▶ PROBLEM TO WORK ON
Please repeat, exactly as written, every line from the one containing "Разветвитель адаптера питания" through the last line of the records, both included, and leave out any pictures.

▶ SUPPLIED INFORMATION
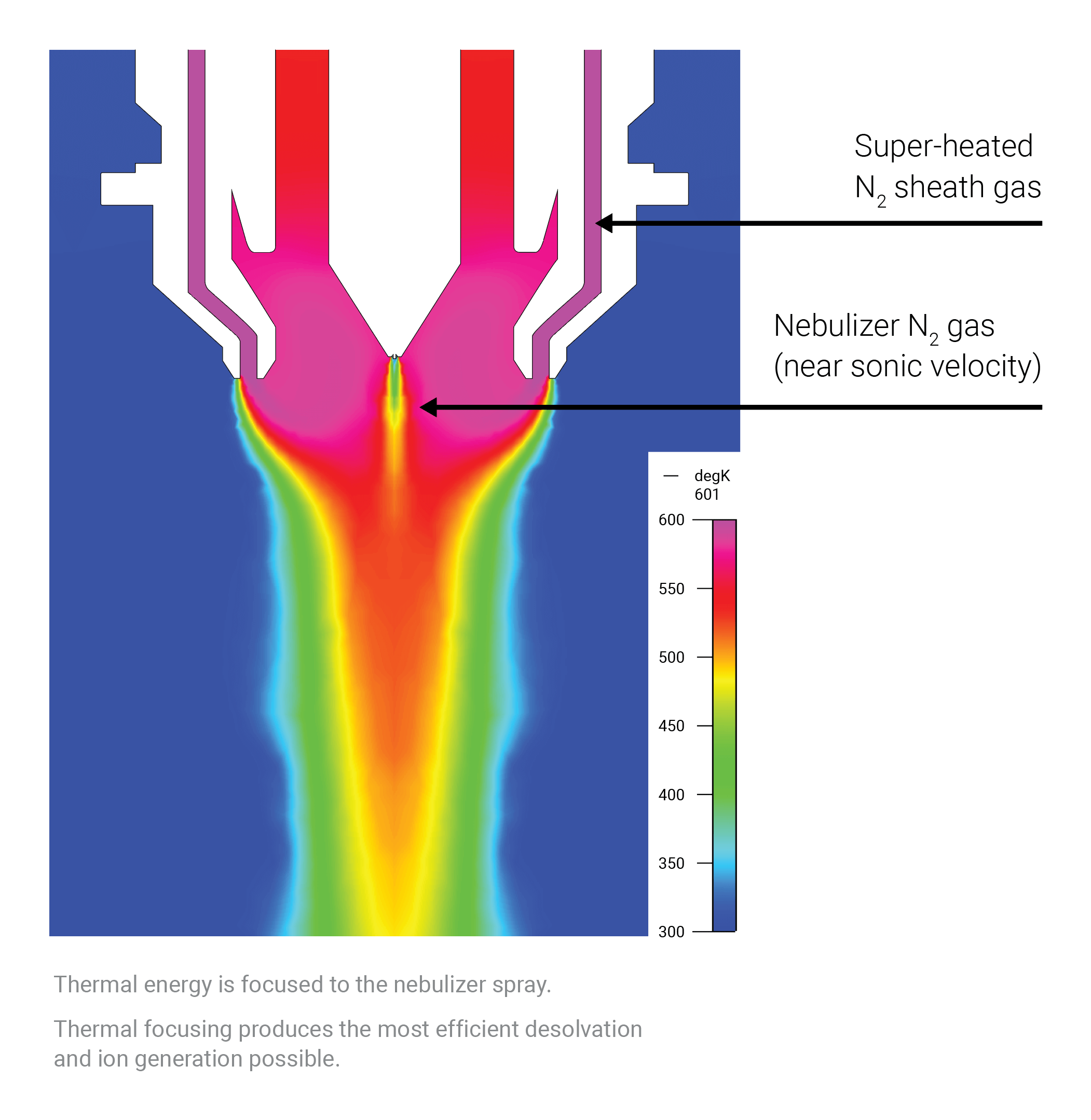The thermal gradient focusing technology used in the Agilent Jet Stream ion source extends electrospray ionization sensitivity for an array of applications and flow rates. This technology for high-sensitivity MS uses superheated nitrogen to improve droplet desolvation and ion generation for a stronger signal and reduced noise. It offers the highest sensitivity for most analytes, and a response that’s five-fold higher or more relative to standard electrospray ionization.
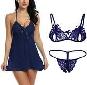 STEPHY Babydoll Lingerie Dress will make your nights special and peaceful. The smooth Spandex finish sliding against your skin makes you very comfortable and the beautiful design which is unique in style makes you look more feminine and appealing. SHOW OFF YOUR CURVES in this attractive see through lingerie night gown extending to or just over the hips, which flatters body shape and make you look hotter and will set your partner's pulse racing. This Baby doll lingerie comes in beautiful colours, so pick your favourite colour. Free size with cozy and comfortable feel and fit 28 to 36 inch bust. The unique design of this short night dress & Lingerie Set makes it desirable. Package Content: 2 Set* (1 Baby doll short dress With G string panty & 1 Bra Panty Set). This nightwear style is comfortable yet arouses a sense of romanticism. For young and newly married women, baby doll lingerie designs are a must in their trousseau as they bring that magic to those beautiful romantic nights. With many designs, fabric, and styles, baby doll lingerie makes you look and feel attractive. When it comes to investing in a baby doll style of lingerie, a popular choice in this category is the combination of satin and lace. Here are some top picks of such lingerie pieces for you to add to your night wardrobe collection.
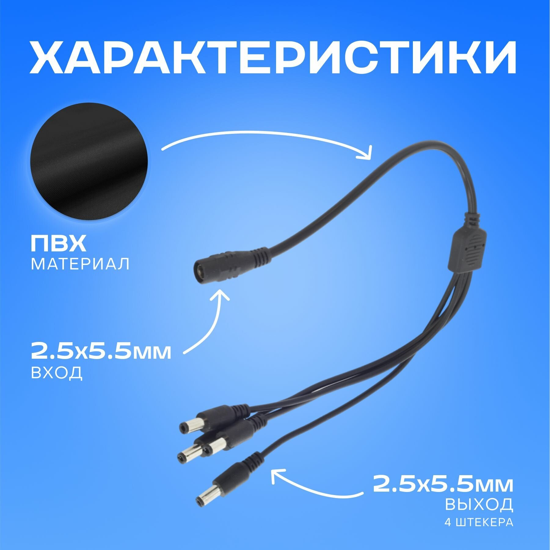 Разветвитель адаптера питания используется для подачи питания на несколько устройств, что устраняет необходимость в 4 источниках питания с одинаковой полярностью. Сердечник кабеля питания представляет собой провод из чистой меди и подходит для камер наблюдения, модемов, светильников, светодиодных лент и других приборов с разъемом 5,5мм. Перед подключением убедитесь, что у вашего основного источника питания достаточно силы тока (Ампер) для питания подключаемых приборов.
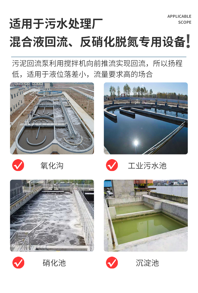 QJB-W型潜水污泥回流泵是在德国潜水电机生产技术基础上自行研发的 产品,QWH型潜水污泥回流泵为二级污水处理厂混合液回流、反硝化脱氮的 设备。亦可用于地面排水、灌溉和废水处理 过程中再循环等需要微扬程、大流量的 场所。
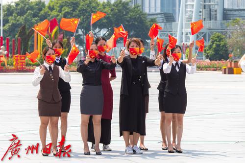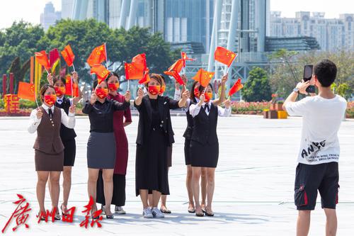 花城广场,有市民挥舞国旗拍摄国庆节祝福的视频。
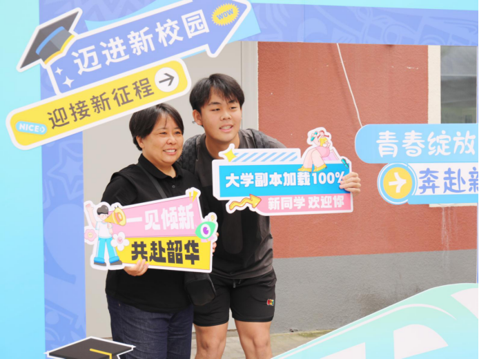 迎新现场,指引牌清晰醒目,志愿者们身披绶带穿梭其间,从行李搬运、报到注册到宿舍引导,暖心服务全程在线,为新生及家长提供贴心帮助。“同学这边走,档案材料请交给我”“宿舍在7号楼,我帮你拿行李”……一句句热情的指引、一次次暖心的援手,让初来乍到的新生倍感亲切。

▶ SOLUTION
 Разветвитель адаптера питания используется для подачи питания на несколько устройств, что устраняет необходимость в 4 источниках питания с одинаковой полярностью. Сердечник кабеля питания представляет собой провод из чистой меди и подходит для камер наблюдения, модемов, светильников, светодиодных лент и других приборов с разъемом 5,5мм. Перед подключением убедитесь, что у вашего основного источника питания достаточно силы тока (Ампер) для питания подключаемых приборов.
 QJB-W型潜水污泥回流泵是在德国潜水电机生产技术基础上自行研发的 产品,QWH型潜水污泥回流泵为二级污水处理厂混合液回流、反硝化脱氮的 设备。亦可用于地面排水、灌溉和废水处理 过程中再循环等需要微扬程、大流量的 场所。
 花城广场,有市民挥舞国旗拍摄国庆节祝福的视频。
 迎新现场,指引牌清晰醒目,志愿者们身披绶带穿梭其间,从行李搬运、报到注册到宿舍引导,暖心服务全程在线,为新生及家长提供贴心帮助。“同学这边走,档案材料请交给我”“宿舍在7号楼,我帮你拿行李”……一句句热情的指引、一次次暖心的援手,让初来乍到的新生倍感亲切。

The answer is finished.